Softworld for the supply chain Case Study

In 1992 Deloitte & Touche consultants started working with sportswear manufacturer Nike to re-engineer the company’s logistics network, to ensure that it could efficiently meet customer demand and reap the benefits of a single European market.

Then, Nike had between 20 and 25 warehouses in use throughout Europe.

Each country business unit employed its own sales force and selected the products appropriate to its own markets, making its own forecasts and controlling its own stock.

The downside to operating a number of locally-based distribution operations were considerable:stock was left unsold in one country while the market in another was unable to meet demand; value added services-re-labelling, ticketing, repacking or hanging – could not be provided in a consistent way; increases in sale volumes meant that each country in turn was affected by capacity problems – leading to piecemeal investment in the infrastructure; and the amount of discount being given in order to dispose of old stock was costing the company tens of millions of dollars every year. Co-ordination and centralisation of stock management offered the prospect of major savings in this area.

The first phase of the Nike assignment saw the consulting group developing a new strategy for European logistics. Then at the end of 1992 the development of Nike’s new pan-European customer service centre in Belgium got underway, covering apparel, staff accommodation, leisure and sports facilities.

The consultants’ recommendations persuaded Nike Europe to centralise its stockholding and distribution operations for Europe at a single distribution centre. The strategy also suggested locating the facility in Belgium or the Netherlands, and provided an overall capital budget for the construction of the facility.

Within six months of this decision in late 1992, board approval had been obtained, a site had been found, a deal struck with a Belgian government and regional development agency, and the first foundations had been dug for Nike’s new distribution centre.

Site selection, from a list of around 10 locations in Belgium and the Netherlands, took into account wide-ranging parameters, including access, proximity to workable ports of entry, labour availability and quality, ground conditions, local grants and incentives and a position which enabled the company to service accounts within 48 hours. In addition, Nike was keen to ensure that its arrival would have a positive impact on the local community. The company plumped for a site at Laakdal in Belgium. Building work began in July 1993 and the facility opened for business in September 1994; stage two, the European footwear facility, was completed in September 1995.

At the heart of the Laakdal centre is a 30 metre high bay storage cell (14,000 square metres in all) with stacker cranes available for handling product. Within the total product range of more that 30,000 stock keeping units, faster-moving products are stored on pallets and slow-moving lines held as individual cartons.

The new facility can stock around 12 million items with the apparel and footwear processing areas each taking up approximately 23,000 square metres.

Both crane drivers and pickers alike receive their instructions by radio data terminals, making this essentially a “paperless” warehouse and reducing unnecessary administration. Shipping notes and packing lists are the only documents produced. The warehouse management system that drives the operation was jointly developed by Nike and IBM.

There are more that 11 kilometres of conveyor in the combined facility and this transport system connects the receiving, storage, picking, processing, packing and shipping functional areas by a “highway” which means that a parcel can be transported from any one area to another, giving total flexibility to the system.
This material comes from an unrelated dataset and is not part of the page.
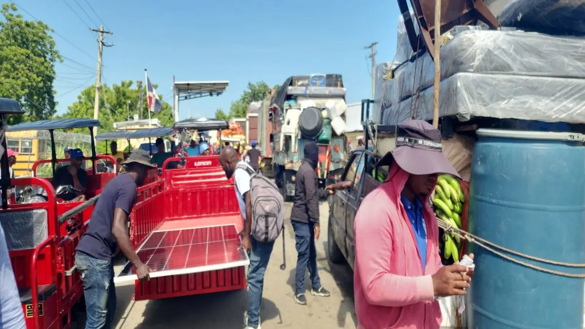 En distintas zonas de la región fronteriza se observaron largas filas de camiones, camionetas y otros vehículos cargados con familias haitianas que decidieron regresar a Haití, en medio de los operativos de control migratorio desplegados por las autoridades.

Since the completion of the project, Nike’s strategy for European logistics operations has yielded cost savings worth millions of dollars each year, with the initial capital investment recouped within two years.

The biggest benefit to Nike is an all-round improvement of customer service now that all apparel stocks and deliveries, along with the majority of footwear, can be handled at one location.

Retailers are given a consistent response, a greater range of products and a full menu of added-value services. The old idea of each country having its own stock has been replaced by central inventory management.

Although centralisation can lead to an increase in transport costs as delivery distances rise, transportation costs for small or high-value products are more than offset by reductions in inventory and depot costs.

On top of this, savings in close-outs (product left in stock at the end of the season to be disposed of at a discount) brought further benefits, including better inventory management.

Nike has been extremely successful in expanding its European business.

Growth rates have exceeded forecasts to the extent that additional capacity is required well before the planned date. Deloitte & Touche is currently working with Nike on the early stages of the next development at Laakdal.